I want candy
DCblogger turned me on to Marie Antoinette several years ago, and the Archdruid's new post, "The sound of tumbrils," made me think of it again. The whole post is great, but here's the relevant section for electoral politics today:
Still, the core of [Galbraith's The Culture of Contentment] is a precise and mordant comparison between the privileged class of contemporary America and an example I’ve already cited, the French nobility on the eve of the Revolution.
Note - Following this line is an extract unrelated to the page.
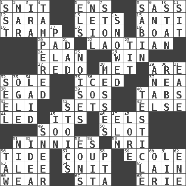 ACROSS 1. Stricken, poetically 5. Followers of ems 8. Backtalk 12. "Two Mules for Sister ____" 13. Allows 15. Against 16. _____ steamer (cargo ship) 18. The Jewish people; Israel 19. Water vessel 20. Writing tablet 22. Of or relating to Laos or its people 24. Flair 26. Acquire through effort 27. Do over again 28. Was introduced to 29. "We ___ not amused" (Victoria) 32. Not divided or shared with others 35. On the rocks 37. Teachers' org. 38. Mild oath 39. Distress signal 40. Bar bills 41. Biblical high priest 42. Arranges properly for use 43. Otherwise 44. Directed 45. ___ a Wonderful Life 46. Snakelike fish 49. "Barney Miller" actor Jack 50. Notch 51. Fools 55. Medical imaging device (abbr.) 56. Periodic rise and fall of the sea level 57. Overturn; upset 59. Learning spot: Fr. 63. Toward shelter 64. In a ____ (agitated or irritated) 65. (Had) reclined 66. Put on (as clothing) 67. R.R. building 68. 4th largest of the Great Lakes DOWN 1. Fast jet (abbr.) 2. Impair 3. Retirement account (abbr.) 4. ________ with (broke a safety seal) 5. Raised railways 6. Famous astronaut Armstrong 7. Portico 8. Unit of acoustic absorption 9. Small Philippine buffalo 10. Comedian Laurel of Laurel & Hardy 11. Be seated 14. Overwhelmed 17. Diluted with white 21. Male parent 23. Teat (slang) 25. Annoying sounds 28. Makes clutter 29. Of or related to the anus 30. Confederate soldiers (slang) 31. Comfort 32. Stitch closed the eyes of (a falcon) 33. Stare at amorously 34. Put down 36. Small bed 40. One of the two male reproductive glands 42. Unemotional ones 45. Electrically charged atom 47. Shade tree 48. Old wives' tales, e.g. 49. Contemptuous expression 51. The longest river in the world 52. The main thing one is thinking about 53. Immeasurably long periods of time 54. Set or collection 56. The 23rd letter of the Hebrew alphabet 58. Parent Teacher Assoc. 60. Rowing implement 61. Cards in a Roman deck? 62. Compass dir.

That comparison has an exactness that very few people notice these days. Louis XIV, the Franklin Roosevelt of his day, took a great deal of wealth and privilege from the French aristocracy and imposed a flurry of restrictions they found burdensome. After his time, it became a central goal of the nobility to restore their position at the king’s expense. Their strategy is one with which modern Americans ought to be familiar: they insisted on a massive military buildup and an aggressive foreign policy that landed France in expensive wars, while at the same time demanding tax cuts. The goal was simply to bankrupt the French government, so that—no, not so that they could drown it in a bathtub; instead, they wanted to force the king to call the États-Général—roughly, the equivalent of a US constitutional convention—which alone could create entirely new tax structures. Once that happened, they hoped to bully the king into restoring their former privileges as the price of acquiescing in a new tax regime.
The result was a high-stakes game of chicken between the party of the aristocracy, and the party of the civil servants, bureaucrats and officials whose authority and wealth was guaranteed by the power of the king. (If you want to describe these two parties as "Republicans" and "Democrats," I’m not going to argue.) What neither side noticed was that their struggles imposed severe burdens on the rest of the population, the peasants, laborers, and small-scale businesspeople on whose passive acquiescence the entire structure of power and prestige ultimately rested. As the struggle went on, the aristocracy did their best to delegitimize the king and the central government, while the civil service and its supporters did their best to delegitimize the aristocracy; both sides succeeded beyond their wildest dreams, and managed to strip the last traces of popular legitimacy from the French political system as a whole.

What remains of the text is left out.